> [RECORDS SUPPLIED]:
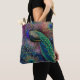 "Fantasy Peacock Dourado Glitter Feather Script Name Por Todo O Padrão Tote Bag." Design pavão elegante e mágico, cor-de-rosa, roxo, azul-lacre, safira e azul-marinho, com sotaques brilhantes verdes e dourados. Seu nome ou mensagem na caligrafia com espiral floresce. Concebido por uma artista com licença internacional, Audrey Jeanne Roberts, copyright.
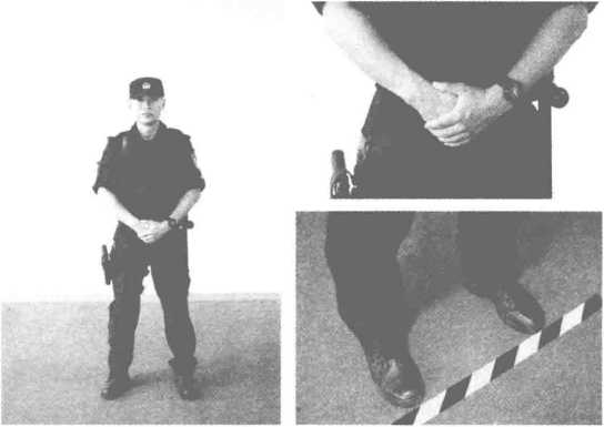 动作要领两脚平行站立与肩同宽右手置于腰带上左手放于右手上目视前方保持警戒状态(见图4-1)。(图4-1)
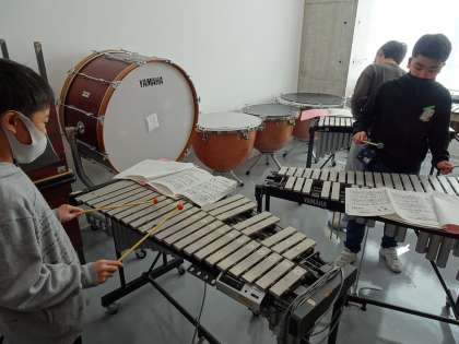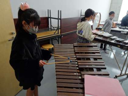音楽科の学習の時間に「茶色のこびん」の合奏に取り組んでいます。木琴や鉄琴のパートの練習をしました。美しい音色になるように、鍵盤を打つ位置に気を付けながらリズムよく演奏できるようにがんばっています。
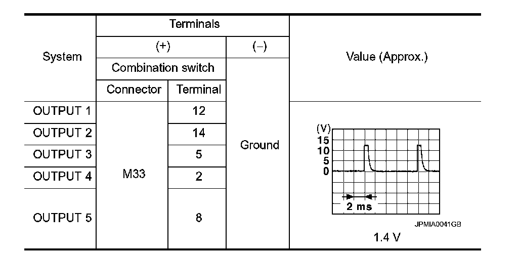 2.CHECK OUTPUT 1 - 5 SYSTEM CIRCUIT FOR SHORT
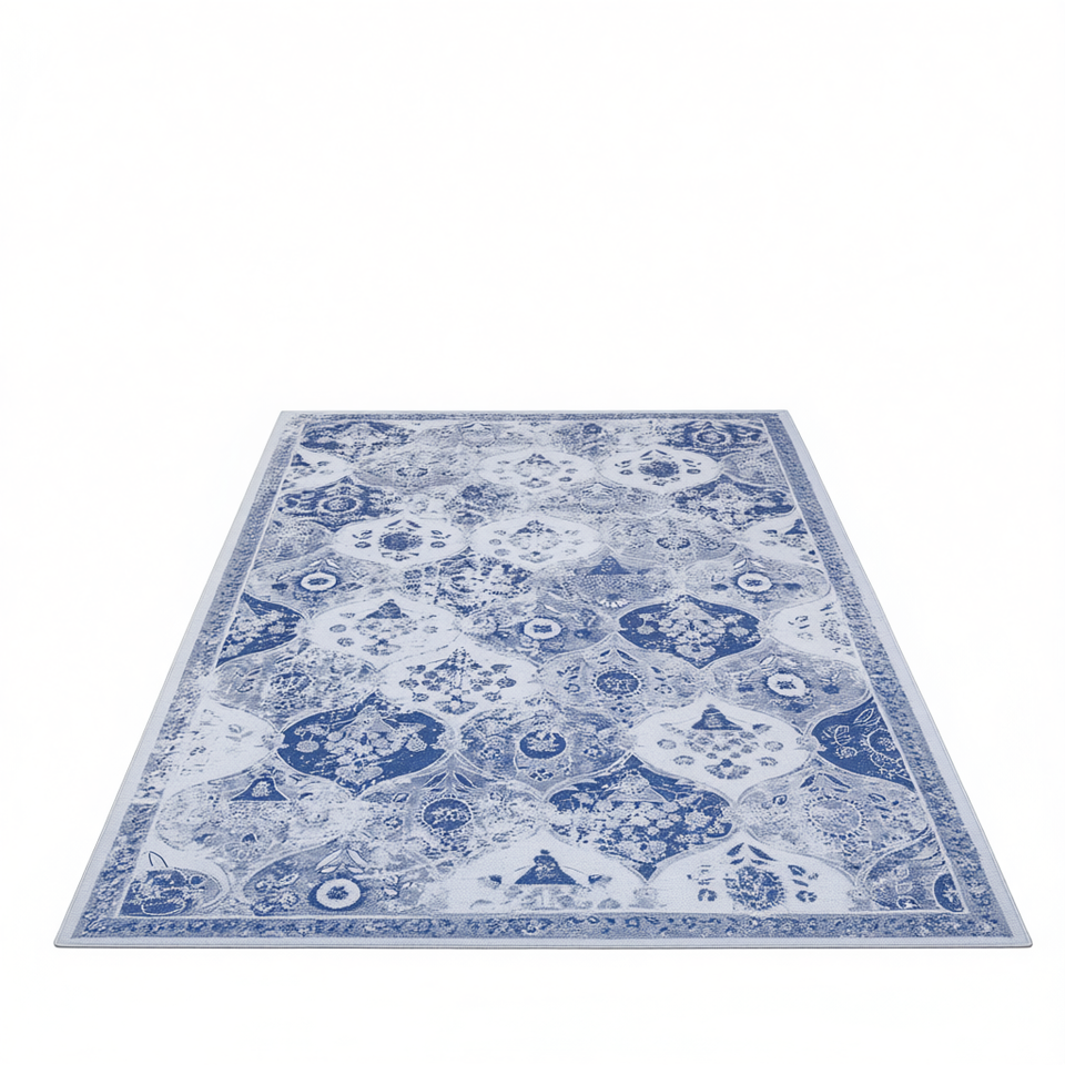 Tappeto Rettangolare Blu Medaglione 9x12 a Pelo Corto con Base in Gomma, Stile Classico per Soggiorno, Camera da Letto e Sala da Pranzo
* * *
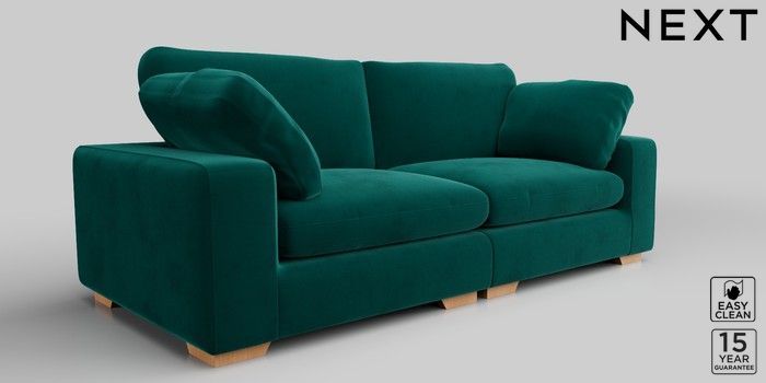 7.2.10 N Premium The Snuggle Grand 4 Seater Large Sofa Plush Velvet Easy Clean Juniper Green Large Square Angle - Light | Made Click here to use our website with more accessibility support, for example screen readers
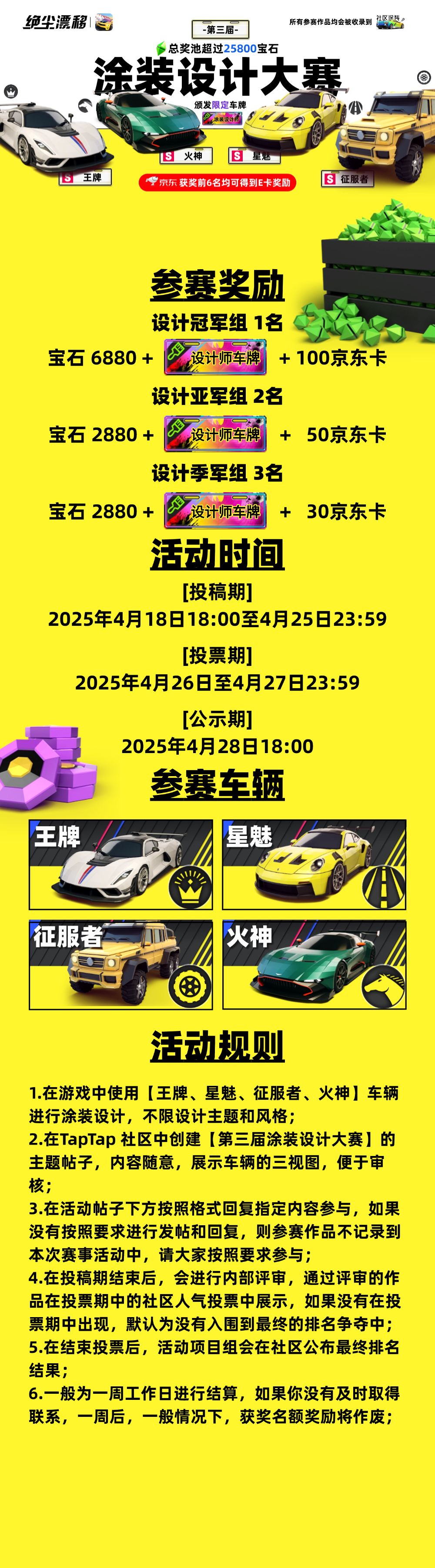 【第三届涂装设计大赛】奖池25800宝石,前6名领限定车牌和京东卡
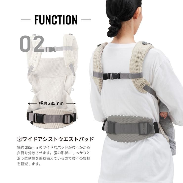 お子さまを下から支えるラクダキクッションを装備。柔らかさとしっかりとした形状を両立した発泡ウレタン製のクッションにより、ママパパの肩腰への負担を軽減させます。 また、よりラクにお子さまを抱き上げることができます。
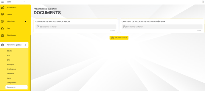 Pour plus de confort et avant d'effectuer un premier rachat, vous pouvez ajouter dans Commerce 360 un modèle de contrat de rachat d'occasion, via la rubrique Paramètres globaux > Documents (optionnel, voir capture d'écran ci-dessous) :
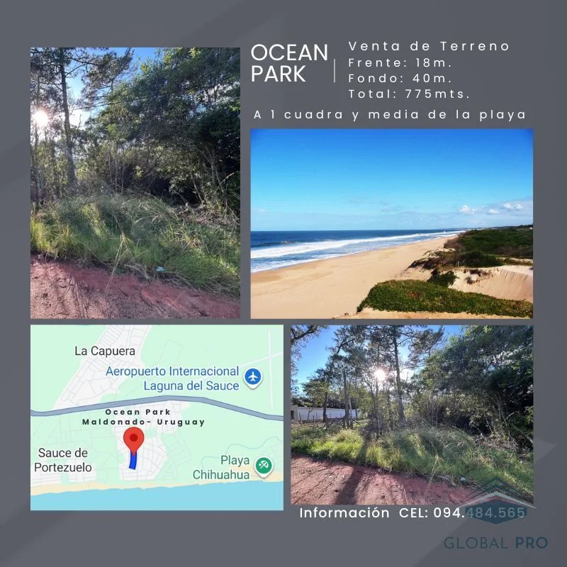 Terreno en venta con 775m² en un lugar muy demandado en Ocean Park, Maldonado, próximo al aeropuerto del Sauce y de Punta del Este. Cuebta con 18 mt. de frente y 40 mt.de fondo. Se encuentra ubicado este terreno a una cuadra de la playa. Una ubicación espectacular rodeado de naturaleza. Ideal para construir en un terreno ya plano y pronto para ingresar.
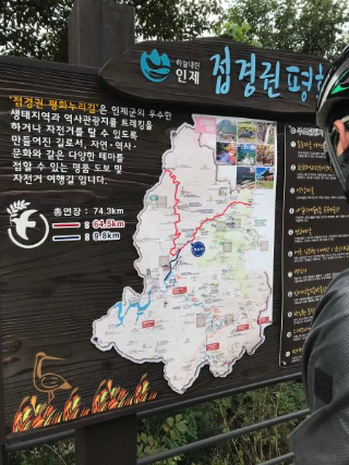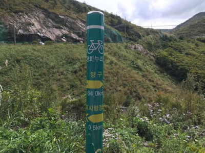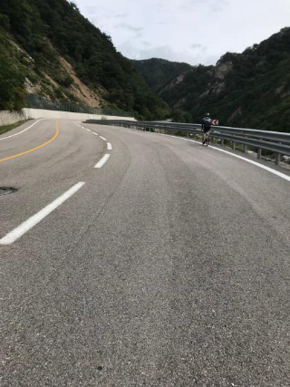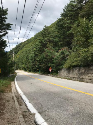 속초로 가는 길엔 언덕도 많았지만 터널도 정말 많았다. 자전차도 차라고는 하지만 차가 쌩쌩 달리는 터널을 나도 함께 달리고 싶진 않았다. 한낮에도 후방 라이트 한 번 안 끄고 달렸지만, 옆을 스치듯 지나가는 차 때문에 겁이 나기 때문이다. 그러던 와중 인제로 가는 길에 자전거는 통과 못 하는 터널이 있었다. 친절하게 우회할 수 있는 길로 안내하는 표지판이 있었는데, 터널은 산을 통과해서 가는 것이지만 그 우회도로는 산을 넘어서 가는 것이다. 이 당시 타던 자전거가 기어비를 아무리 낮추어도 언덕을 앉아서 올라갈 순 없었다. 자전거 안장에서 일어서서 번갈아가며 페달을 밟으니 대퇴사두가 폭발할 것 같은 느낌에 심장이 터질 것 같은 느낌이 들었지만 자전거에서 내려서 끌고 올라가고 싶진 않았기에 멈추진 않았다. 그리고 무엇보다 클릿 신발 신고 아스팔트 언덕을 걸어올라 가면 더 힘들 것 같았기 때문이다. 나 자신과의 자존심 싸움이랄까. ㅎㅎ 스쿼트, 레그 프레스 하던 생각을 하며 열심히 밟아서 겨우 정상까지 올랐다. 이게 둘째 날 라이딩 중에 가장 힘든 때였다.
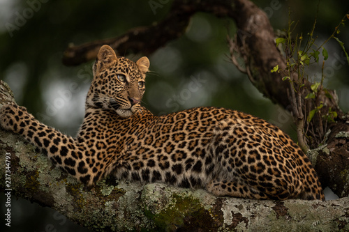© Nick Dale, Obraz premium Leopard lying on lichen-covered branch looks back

> [WORK INSTRUCTION]: Reproduce exactly the lines above starting at the line containing "Jeanne Roberts, copyright." and ending at the line containing "Tappeto Rettangolare Blu", including both, but not the pictures.

> [YOUR RESPONSE]:
 "Fantasy Peacock Dourado Glitter Feather Script Name Por Todo O Padrão Tote Bag." Design pavão elegante e mágico, cor-de-rosa, roxo, azul-lacre, safira e azul-marinho, com sotaques brilhantes verdes e dourados. Seu nome ou mensagem na caligrafia com espiral floresce. Concebido por uma artista com licença internacional, Audrey Jeanne Roberts, copyright.
 动作要领两脚平行站立与肩同宽右手置于腰带上左手放于右手上目视前方保持警戒状态(见图4-1)。(图4-1)
音楽科の学習の時間に「茶色のこびん」の合奏に取り組んでいます。木琴や鉄琴のパートの練習をしました。美しい音色になるように、鍵盤を打つ位置に気を付けながらリズムよく演奏できるようにがんばっています。
 2.CHECK OUTPUT 1 - 5 SYSTEM CIRCUIT FOR SHORT
 Tappeto Rettangolare Blu Medaglione 9x12 a Pelo Corto con Base in Gomma, Stile Classico per Soggiorno, Camera da Letto e Sala da Pranzo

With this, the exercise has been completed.